Hilde appeared, bearing teapot, sugar bowl, milk pitcher, and cup and saucer on a silver tray. The china was paper-thin, with blue Chinese scenes painted on it. Rima’s mother had had dishes very much like these. Rima, kneeling by the tub, held Lori’s head above the water. “Wake up, Lori!” she said over and over. “Stay awake!”
Lori’s large gray eyes stared at her with hatred, then closed. Rima shouted at her, “Open your eyes at once!” Lori lifted a hand to strike this impertinent stranger, but her muscles would not obey her and her arm fell helplessly into the water.
“Baroness, please help me,” Rima said. Hilde looked for a place to set down her tray. Paul took it from her.
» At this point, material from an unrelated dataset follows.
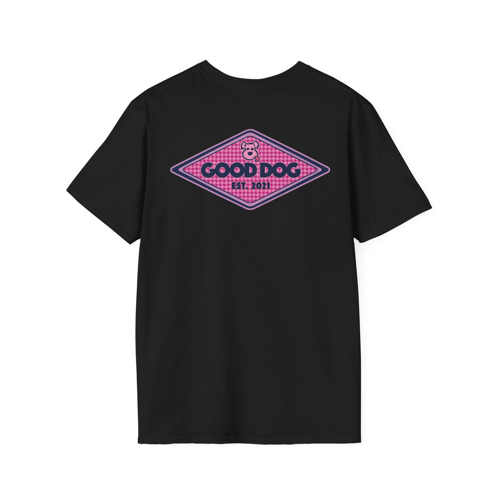 This t-shirt features the Diamond Dog design in a playful bubble gum colored pattern. This unisex soft-style t-shirt puts a new spin on casual comfort. Made from very soft materials, this tee is 100% cotton for solid colors. Heather colors and sports grey include polyester.
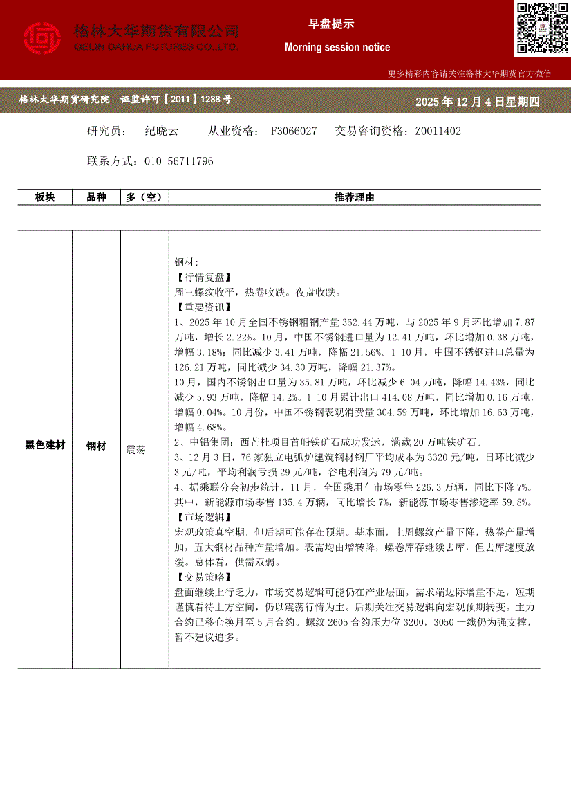 格林大华期货-早盘提示:钢材-251204

To the men Rima said, “Out, please, gentlemen.”
When the women emerged from the bathroom, Lori was dressed in slacks, a turtleneck sweater, a headscarf, and stout shoes. She staggered as she walked. By turns her eyes were empty or suspicious or burning with anger, as if controlled by a switch. Her jaw was slack. She still breathed through her mouth. Despite her elegant clothes she was a shocking sight to Paul. He had
never before seen his mother when she was not in complete control of herself and everything around her.
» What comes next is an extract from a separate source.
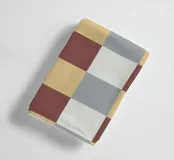 Un motivo di quadrati colorati alternati crea un effetto scacchiera con sfumature di beige, grigio e marrone. Il disegno a griglia รจ simmetrico e uniforme.
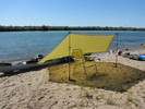 The water is very pretty, and the river was high, and running fast. We had a good run of it all day, with stops at several nice beaches. The beach where we camped was not far upstream from McIntyre Campground, another Riverside County park. It was hot on our beach in the late afternoon, and this was the only shadeless campsite we had on the trip. I set up my tarp, using my kayak and two hiking poles, and made a nice place to set our camp chairs. As soon as the sun went down it cooled off a lot.

Paul said, “Does she need a jacket?”
“You’re not taking her outside?” Hilde said. “It’s dark, it’s damp. Her hair is wet. It is dangerous to her health. This is a sick woman.”
“The moon is out,” Rima said. “The night is warm. Breathing fresh air will be good for her.”
Hilde said, “You don’t know our sea air, young lady. Nor is the moon a healthy influence.”
Hilde had taken enough orders from this impertinent stranger who was hardly more than a child. The tea that Hilde had made for Lori had gone cold while she carried out one incomprehensible instruction after another. Now Lori would have nothing on her stomach. She needed something hot to drink. She needed a doctor.
Paulus said, “The girl is right. Lori needs fresh air. Exercise!”
“How do you know she’s right?” Hilde said. “We don’t even know who she is.”
Paulus lifted his eyebrows. Did Hilde think that Rima was deaf? However, Rima, her arm around Lori as if she had known her for years, seemed unaffected by what had just been said about her. She waited for a decision, her eyes on Paulus.
Paulus said, “She’s been right about everything else so far. Also, she is a guest in this house and she is a friend of Paul’s.”